* [WHAT THE TASK ASKS]:
Begin at the line that has "Игры-шнуровки являются одним", stop after the line that has "バドミントン部の生徒は、中体", and print exactly those lines from the records below, without any pictures.

BEGIN MATERIAL FOR THIS TASK

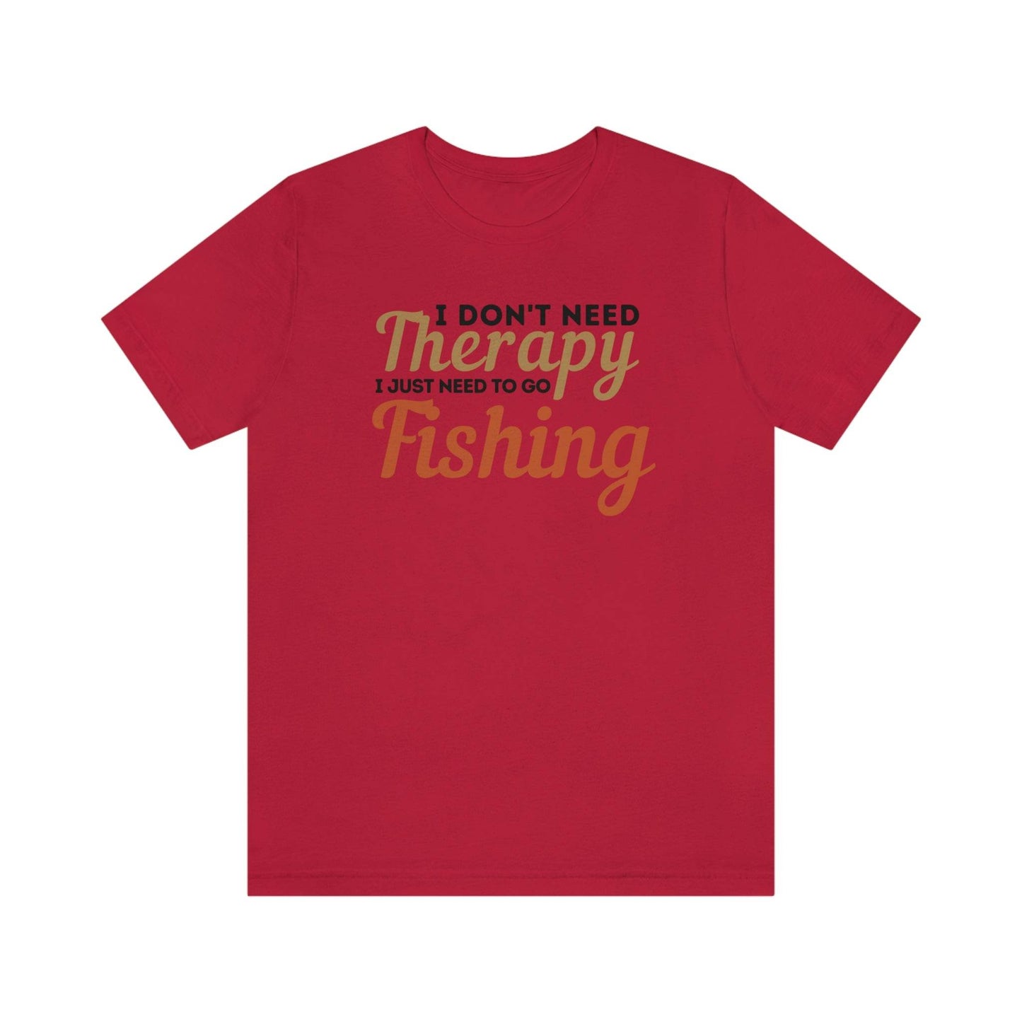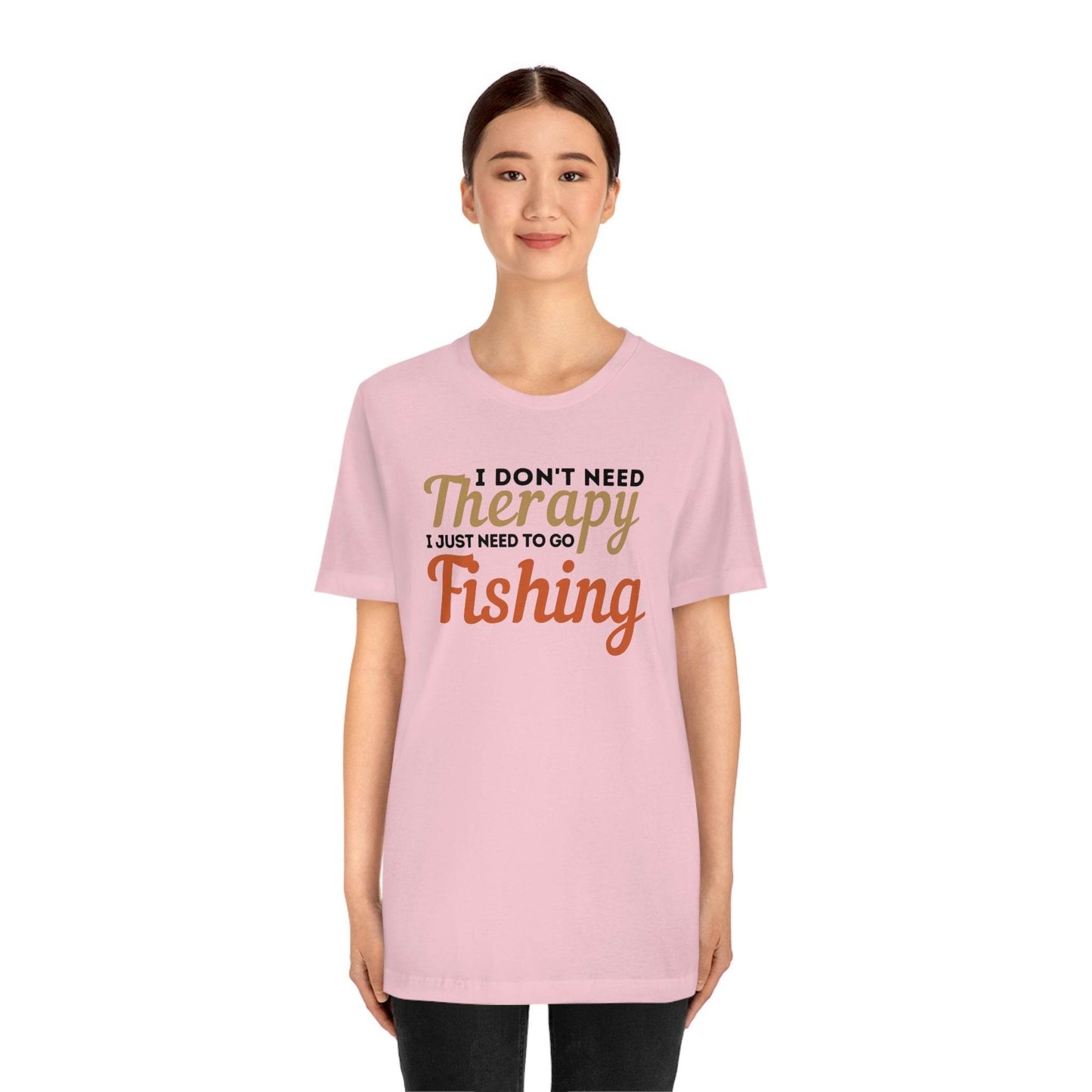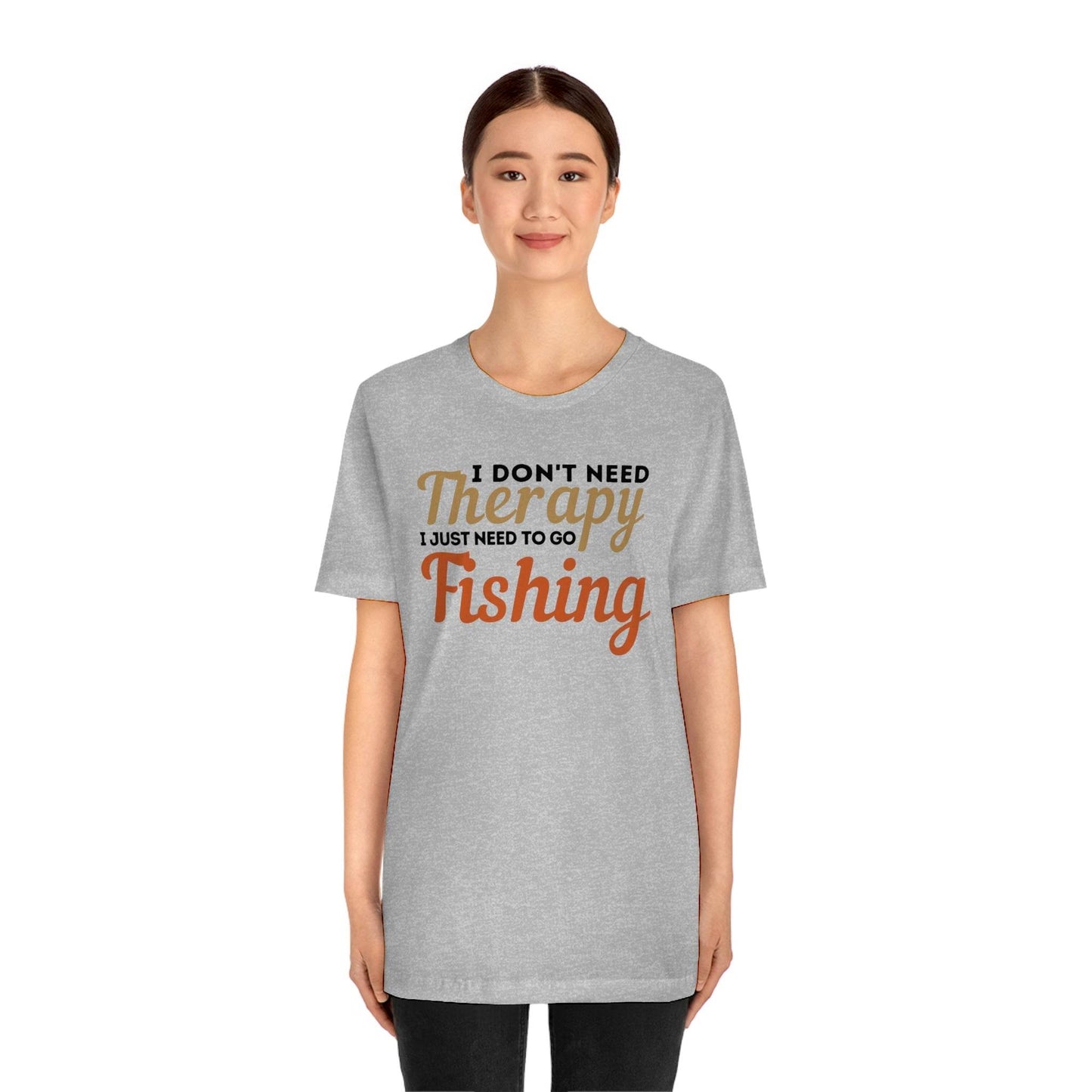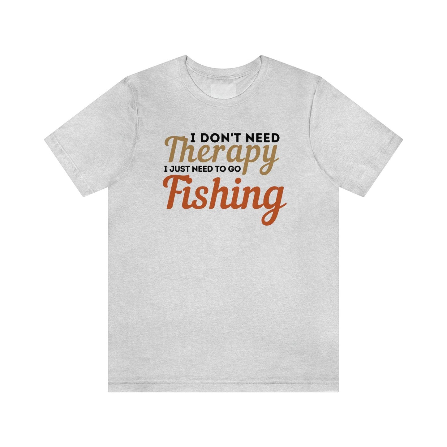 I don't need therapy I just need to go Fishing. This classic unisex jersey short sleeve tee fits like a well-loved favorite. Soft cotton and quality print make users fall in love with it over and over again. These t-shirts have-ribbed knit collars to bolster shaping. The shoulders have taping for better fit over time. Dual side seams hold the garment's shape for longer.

END MATERIAL FOR THIS TASK
BEGIN MATERIAL FOR THIS TASK

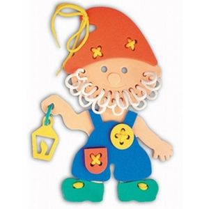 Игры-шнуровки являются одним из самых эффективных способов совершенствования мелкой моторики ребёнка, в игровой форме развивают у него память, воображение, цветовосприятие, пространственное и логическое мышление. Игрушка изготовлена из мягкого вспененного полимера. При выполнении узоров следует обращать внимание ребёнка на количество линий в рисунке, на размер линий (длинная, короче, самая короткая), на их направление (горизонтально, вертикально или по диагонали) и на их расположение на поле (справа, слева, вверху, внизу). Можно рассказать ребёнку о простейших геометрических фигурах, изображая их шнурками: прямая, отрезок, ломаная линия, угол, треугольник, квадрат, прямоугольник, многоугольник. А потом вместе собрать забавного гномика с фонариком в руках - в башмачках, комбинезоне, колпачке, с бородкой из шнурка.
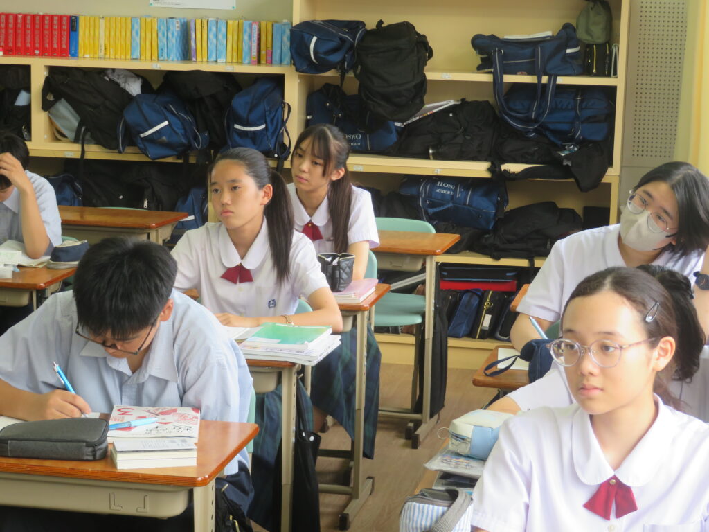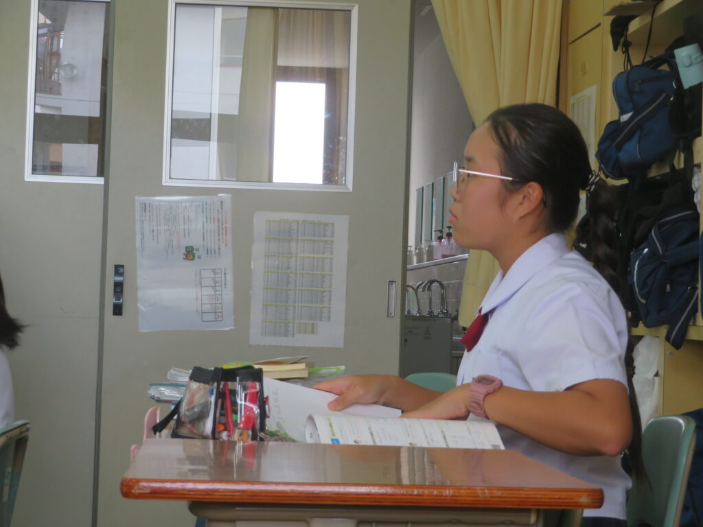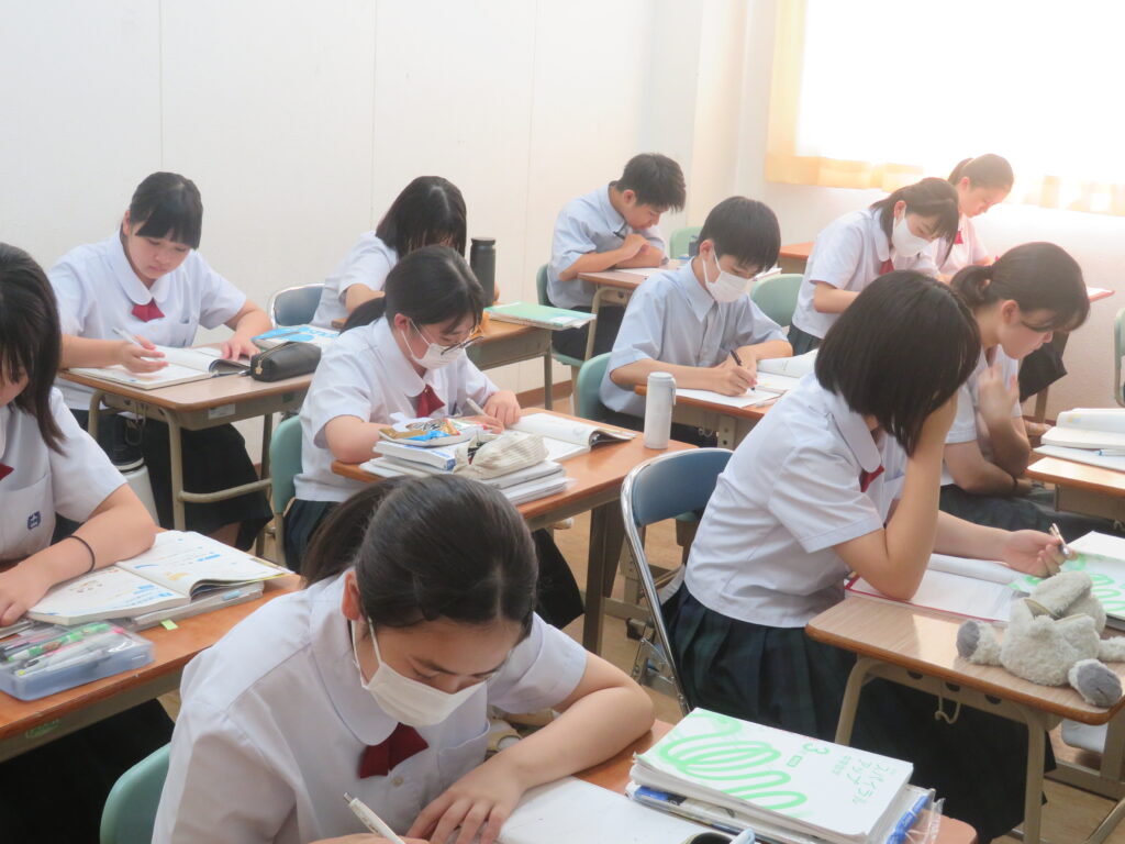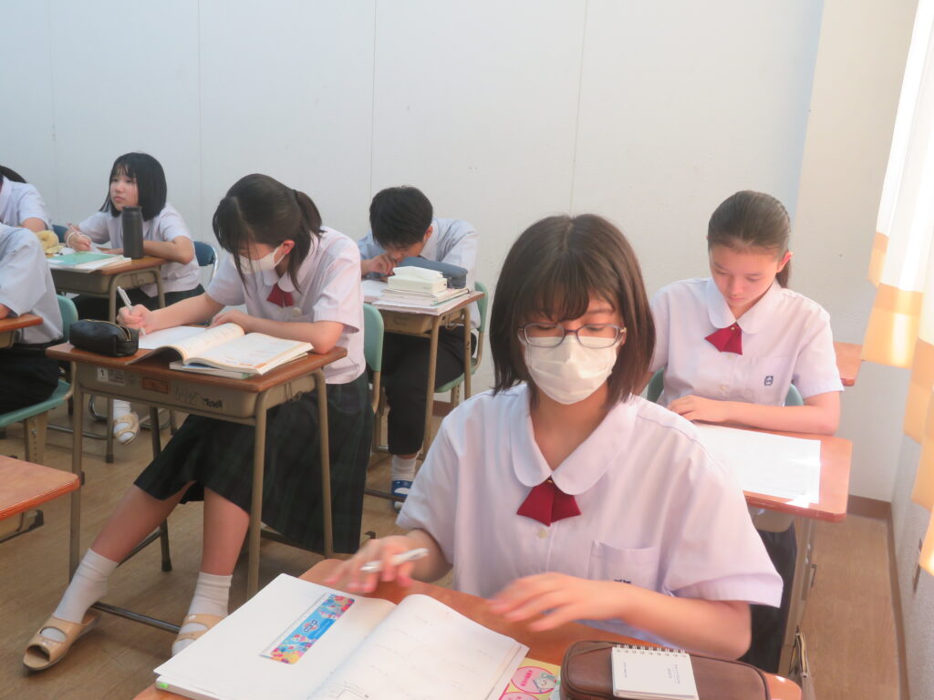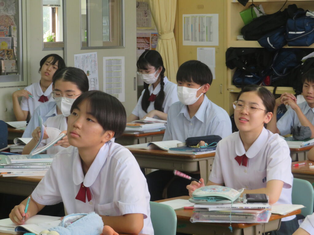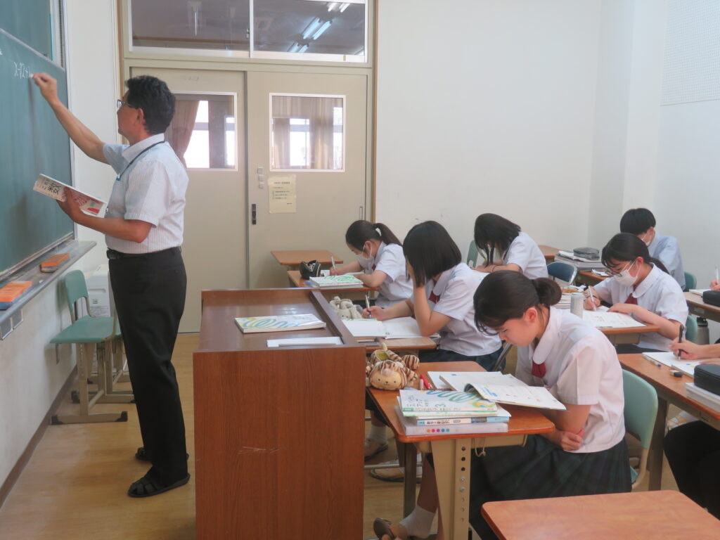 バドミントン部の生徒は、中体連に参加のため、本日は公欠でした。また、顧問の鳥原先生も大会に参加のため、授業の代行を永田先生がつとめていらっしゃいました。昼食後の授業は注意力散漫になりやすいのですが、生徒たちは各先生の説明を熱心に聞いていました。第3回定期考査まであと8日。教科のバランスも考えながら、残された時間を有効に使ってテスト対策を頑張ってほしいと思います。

END MATERIAL FOR THIS TASK

* [RESPONSE BELOW]:
 Игры-шнуровки являются одним из самых эффективных способов совершенствования мелкой моторики ребёнка, в игровой форме развивают у него память, воображение, цветовосприятие, пространственное и логическое мышление. Игрушка изготовлена из мягкого вспененного полимера. При выполнении узоров следует обращать внимание ребёнка на количество линий в рисунке, на размер линий (длинная, короче, самая короткая), на их направление (горизонтально, вертикально или по диагонали) и на их расположение на поле (справа, слева, вверху, внизу). Можно рассказать ребёнку о простейших геометрических фигурах, изображая их шнурками: прямая, отрезок, ломаная линия, угол, треугольник, квадрат, прямоугольник, многоугольник. А потом вместе собрать забавного гномика с фонариком в руках - в башмачках, комбинезоне, колпачке, с бородкой из шнурка.
 バドミントン部の生徒は、中体連に参加のため、本日は公欠でした。また、顧問の鳥原先生も大会に参加のため、授業の代行を永田先生がつとめていらっしゃいました。昼食後の授業は注意力散漫になりやすいのですが、生徒たちは各先生の説明を熱心に聞いていました。第3回定期考査まであと8日。教科のバランスも考えながら、残された時間を有効に使ってテスト対策を頑張ってほしいと思います。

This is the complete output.